A database containing data from all available rainfall stations was created. The number of continuously recording (sub-daily) rainfall stations available was significantly greater than the number available to AR&R87 due to the inclusion of data collected by other organisations and provided to the Bureau through the Water Regulations 2008 (Commonwealth).

Type Source Length of record AR&R87 New IFDs
Daily Bureau > 30 years 7500 8074
Continuous Bureau > 8 years 600 754
Continuous Water Regulations > 8 years n/a 1526
map showing

Location of daily read rain gauges

map showing

Location of continuously recording rain gauges

 

The rainfall records for each of these stations were put through automatic and manual quality control procedures, described in Green et al (2011). Some general types of errors corrected included accumulations, time shifts, missing data, and gross errors. The location information (latitude, longitude and elevation) was also checked.

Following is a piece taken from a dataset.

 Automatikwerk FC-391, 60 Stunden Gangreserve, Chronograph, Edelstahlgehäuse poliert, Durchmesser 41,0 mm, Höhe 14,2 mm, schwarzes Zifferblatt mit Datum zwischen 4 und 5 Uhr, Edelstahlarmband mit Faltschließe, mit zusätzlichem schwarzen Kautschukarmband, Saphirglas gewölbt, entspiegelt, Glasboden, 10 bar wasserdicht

Undertaking frequency analysis

The Annual Maximum Series (AMS) was extracted from the quality controlled database for (i) all daily-read stations with 30 or more years of record and (ii) all continuously-recording stations with more than 8 years of record. The Annual Maximum Series is the series of maximum rainfalls per calendar year, for a range of rainfall burst durations. Factors were applied to the daily-read rainfalls to convert 9am-to-9am rainfalls to unrestricted 24-hour rainfalls.

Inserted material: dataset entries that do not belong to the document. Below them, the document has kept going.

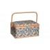 Description: There are a plastic insert with dividers, pincushion and a pocket for small parts storage inside of a sewing box.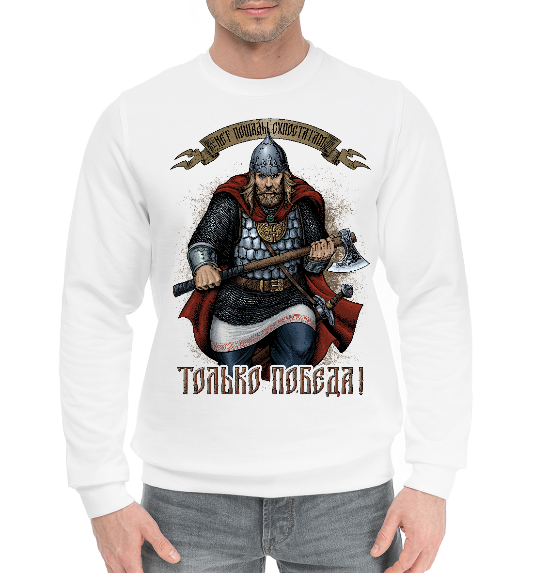 Мужской хлопковый свитшот с принтом «Только победа (белый фон)»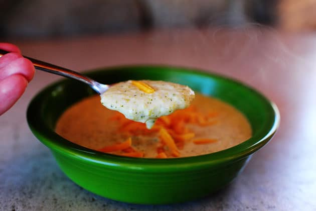 أضيفي القليل من شوربة البروكلى بالجبن داخل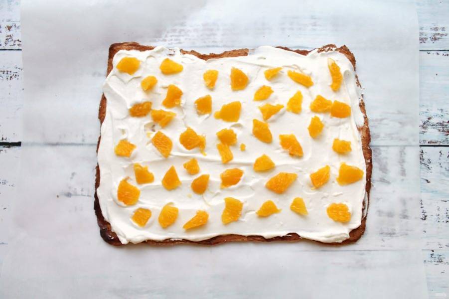 Мандарины очистите от кожуры, разделите на дольки, удалите все перегородки и пленки. Разрежьте их на кусочки и разложите поверх крема.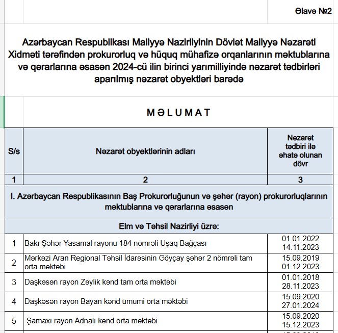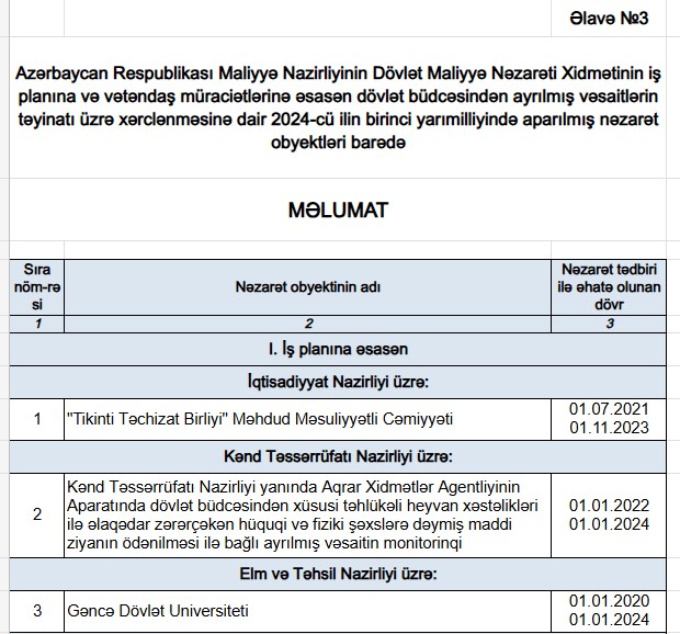 Maliyyə Nazirliyinin Dövlət Maliyyə Nəzarəti Xidməti tərəfindən 2024-cü ilin birinci yarısında aparılmış nəzarət tədbirləri haqqında məlumat

A Generalised Extreme Value (GEV) frequency distribution was fitted to the AMS, as this distribution best represents Australian data. The three L-moments (namely, the mean, the coefficient of L-variation (L-CV) and L-skewness) were used to summarise the statistical properties of the AMS data at each station location (Hosking and Wallis, 1997). In order to improve the spatial coverage of the sub-daily rainfall data, a Bayesian Generalised Least Squares Regression (BGLSR) was applied to infer the sub-daily L-moments from those at the daily-read stations. Johnson et al (2012a)

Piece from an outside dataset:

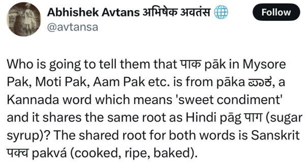 Linguist Abhishek Avtans spelled it out on X: “Who’s going to tell them that Pak in Mysore Pak, Moti Pak etc. is from the Kannada pāka, meaning sweet condiment?”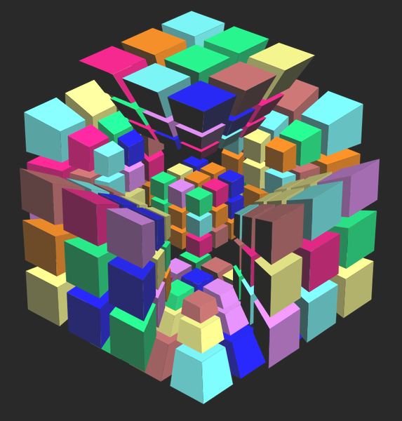 MagicCube7D решает проблему визуализации такого многомерного объекта, начав с уже знакомой нам 4D-проекции, а затем частично развернув последние три измерения, используя умный фрактальный дизайн. Не только одна головоломка, этот удивительный фрагмент кода поддерживает все 12 кубов из 3 9от 0006 4 до 5 7 . О, а потом он пошел и решил 3 7 . Молодец Андрей!

Regionalisation of rainfall data

Regionalisation was undertaken to reduce the sampling uncertainty introduced by stations with shorter periods of record by combining L-moments from stations within a region of influence in a manner that gives more weight to the longer records. An Index Rainfall Approach was adopted to do this with station point estimates being regionalised using a Region of Influence Approach. The regionalised L-CV and L-Skewness were combined with the at-site mean to estimate GEV distribution parameters (mean, shape and scale) and rainfall quantiles for any required exceedance probability at each station location. Johnson et al (2012b)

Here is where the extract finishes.